Output the lines from the top of the entries below to the line with "최종보고회는 연구 결과를", both included, exactly and without pictures.

[Records from a dataset]

-- Opening Marker --

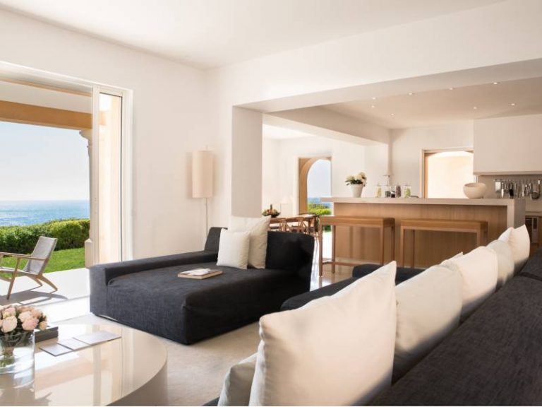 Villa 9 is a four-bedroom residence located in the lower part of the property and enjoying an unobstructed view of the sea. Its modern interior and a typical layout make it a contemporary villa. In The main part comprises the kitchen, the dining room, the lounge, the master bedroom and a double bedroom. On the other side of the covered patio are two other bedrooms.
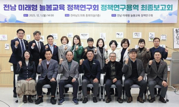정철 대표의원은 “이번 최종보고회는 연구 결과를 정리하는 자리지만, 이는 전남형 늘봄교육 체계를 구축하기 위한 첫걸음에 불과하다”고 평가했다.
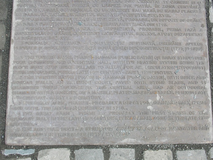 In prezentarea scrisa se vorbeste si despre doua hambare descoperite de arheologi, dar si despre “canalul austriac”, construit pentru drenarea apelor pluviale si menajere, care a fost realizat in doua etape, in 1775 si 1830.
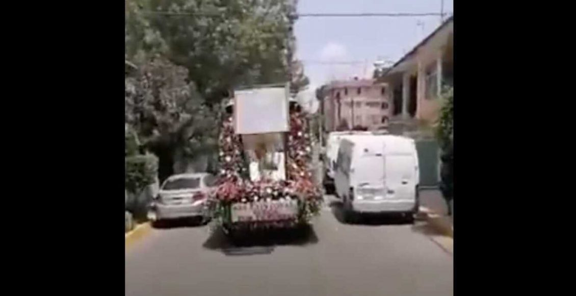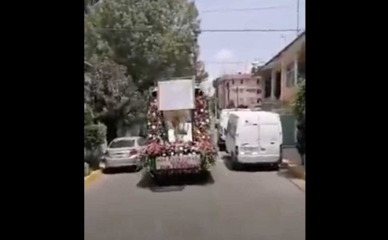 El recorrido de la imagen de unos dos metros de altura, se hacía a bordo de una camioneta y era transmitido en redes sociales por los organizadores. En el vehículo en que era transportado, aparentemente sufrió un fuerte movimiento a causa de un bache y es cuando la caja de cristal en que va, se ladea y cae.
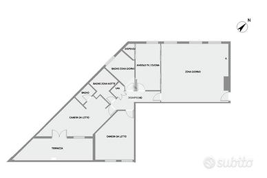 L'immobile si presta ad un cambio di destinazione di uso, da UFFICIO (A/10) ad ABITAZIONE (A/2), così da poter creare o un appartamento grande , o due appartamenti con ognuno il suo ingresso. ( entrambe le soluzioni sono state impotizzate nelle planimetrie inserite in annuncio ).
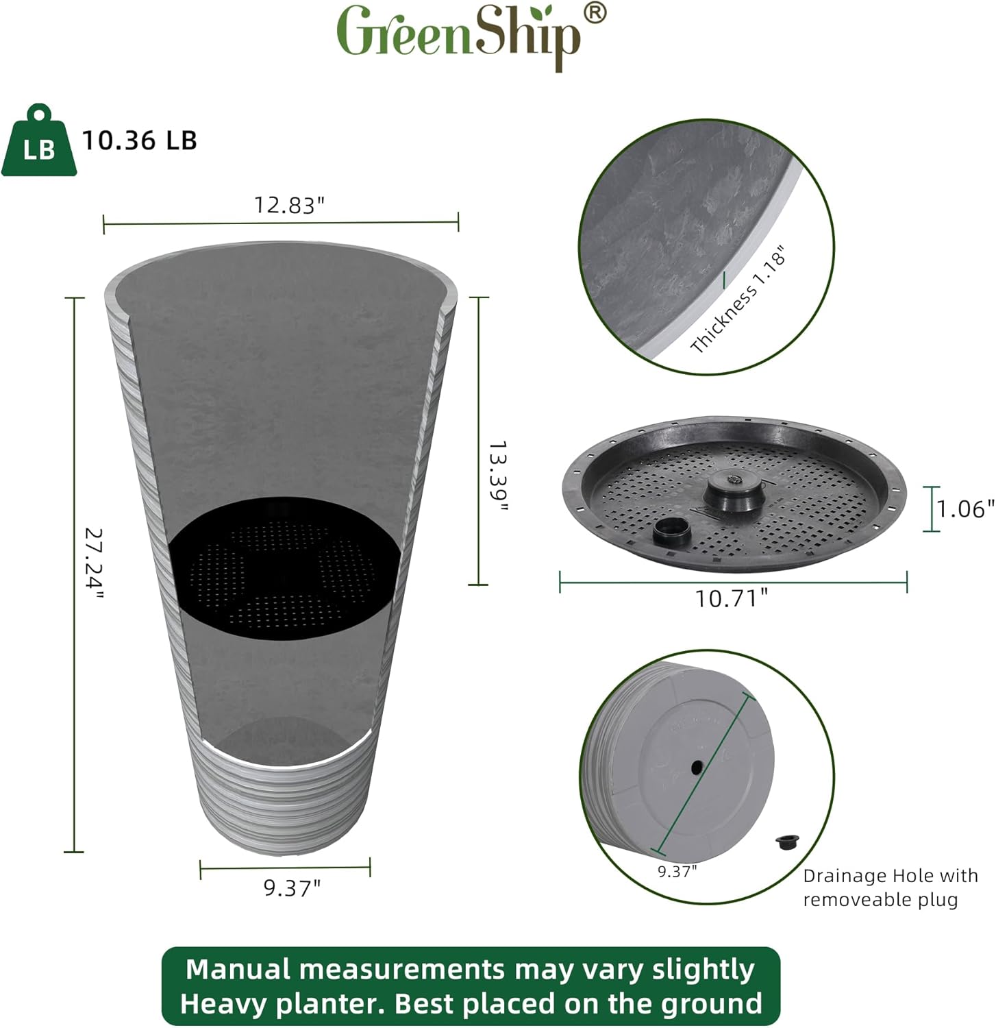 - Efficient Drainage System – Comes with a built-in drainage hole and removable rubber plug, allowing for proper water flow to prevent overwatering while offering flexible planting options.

-- Closing Marker --

Response to the exercise —
 Villa 9 is a four-bedroom residence located in the lower part of the property and enjoying an unobstructed view of the sea. Its modern interior and a typical layout make it a contemporary villa. In The main part comprises the kitchen, the dining room, the lounge, the master bedroom and a double bedroom. On the other side of the covered patio are two other bedrooms.
정철 대표의원은 “이번 최종보고회는 연구 결과를 정리하는 자리지만, 이는 전남형 늘봄교육 체계를 구축하기 위한 첫걸음에 불과하다”고 평가했다.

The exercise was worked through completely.